Dokumente einer intensiven sprachlichen Reaktion auf traumatische Ereignisse. Krieg im Gedicht

Die Lyrik der Gegenwart zeigt zahlreiche Positionen, die auf die Kriege der Gegenwart, insbesondere den russischen Angriffskrieg auf die Ukraine in besonderer Weise reagieren. Die poetische Sprache zeigt sich in den Gedichten als ein Instrument, das die Erschütterung auch eines lediglich vermittelten bzw. imaginierten Erlebens des Kriegs und eine Veränderung in den Beziehungen in anderer Weise als Bruch vermitteln kann, als dies etwa Aufnahmen mit der Kamera tun.

Über diesen Zusammenhang dachte am 3. Juni 2025 die 1963 in Kingston (Jamaika) geborene Lyrikerin Claudia Rankine in ihrer Berliner Rede zur Poesie zum Auftakt des Berliner Poesiefestivals nach. Unter der Überschrift »Writing as seeing« bemerkte Rankine: »Der Zweifel des Wortes ermöglicht vielfältige Zugänge zu den lesbaren Kräften, die das Bild selbst in seiner Unechtheit erkennbar machen.« Die Übersetzung von Affekten der Scham, Wut und Trauer zeigt sich in den hier vorgestellten lyrischen Positionen als Erfahrung einer Sprachnot und eines Zweifels, der vermittels einer erst zu gewinnenden, einer anderen Sprache etwas entgegenzusetzen versucht wird.
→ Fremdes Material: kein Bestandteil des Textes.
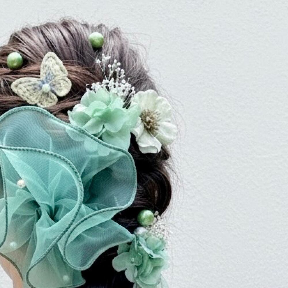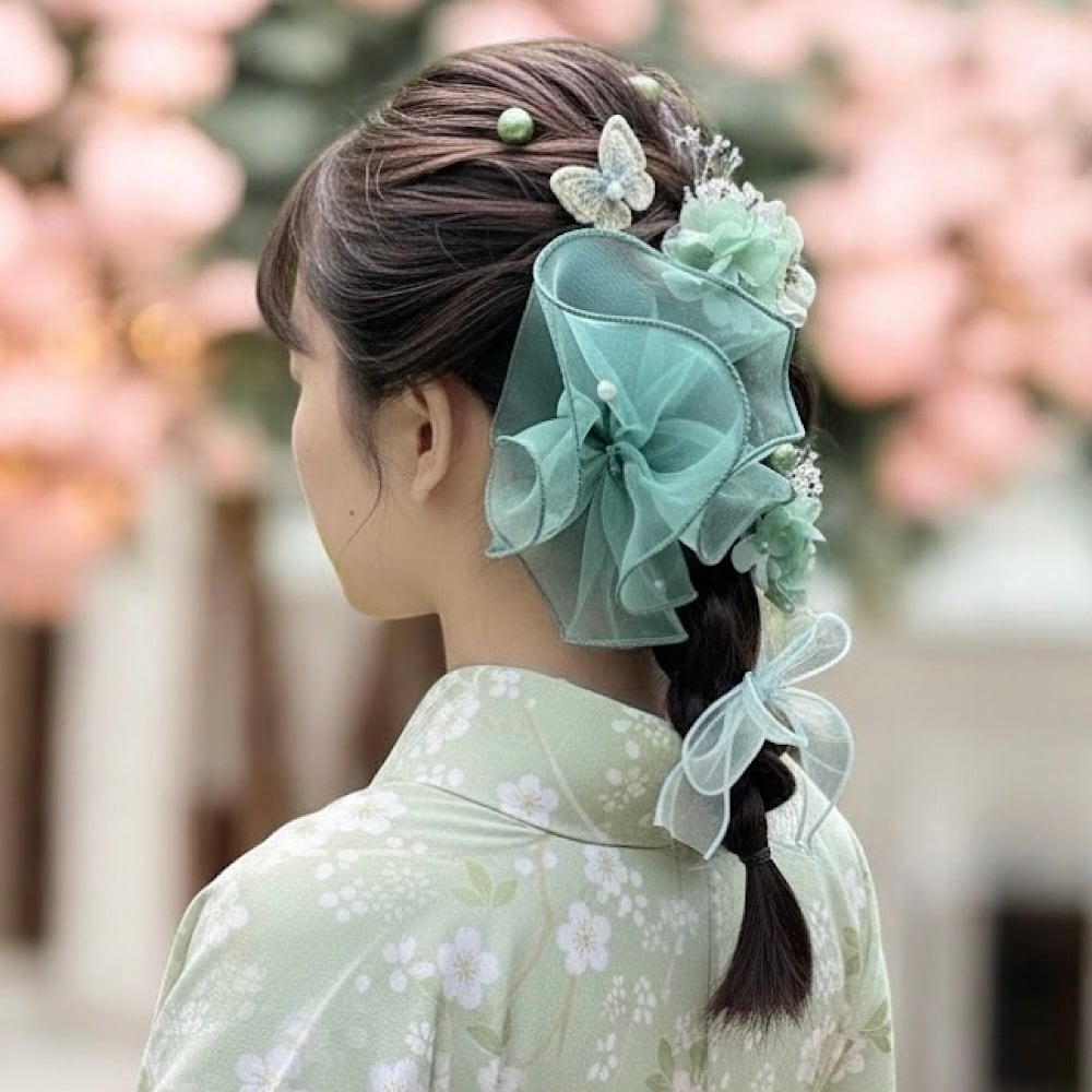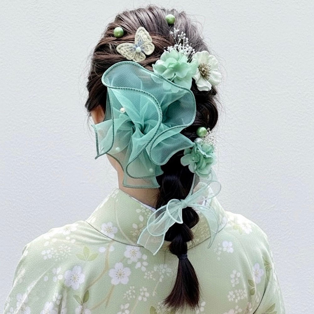 フワフワパールリボンと蝶々の髪飾り グリーン髪飾り 緑 成人式 結婚式 卒業式 前撮り 七五三 ヘッドパーツ ヘッドドレス

»Wir haben eine Zeitlang gut gelebt.«

1978 in Tomești (Rumänien) geboren, lebt Moni Stănilă seit 2010 in Chişinău (Moldawien). Sechs Gedichtbände, zwei Romane, zwei Kinderbücher und einen biografischen Roman über den Bildhauer Brâncuși hat sie veröffentlicht. Ihr Gedichtband Ofsaid (2022) wurde in Rumänien und Moldawien mehrfach ausgezeichnet und von Alexandru Bulucz ins Deutsche übersetzt. Metallische Igel war ursprünglich als eine ironische Erwiderung auf Liebeslyrik gedacht. Zunächst spielt dabei insbesondere der Fußball eine größere Rolle, für den Stănilă brennt.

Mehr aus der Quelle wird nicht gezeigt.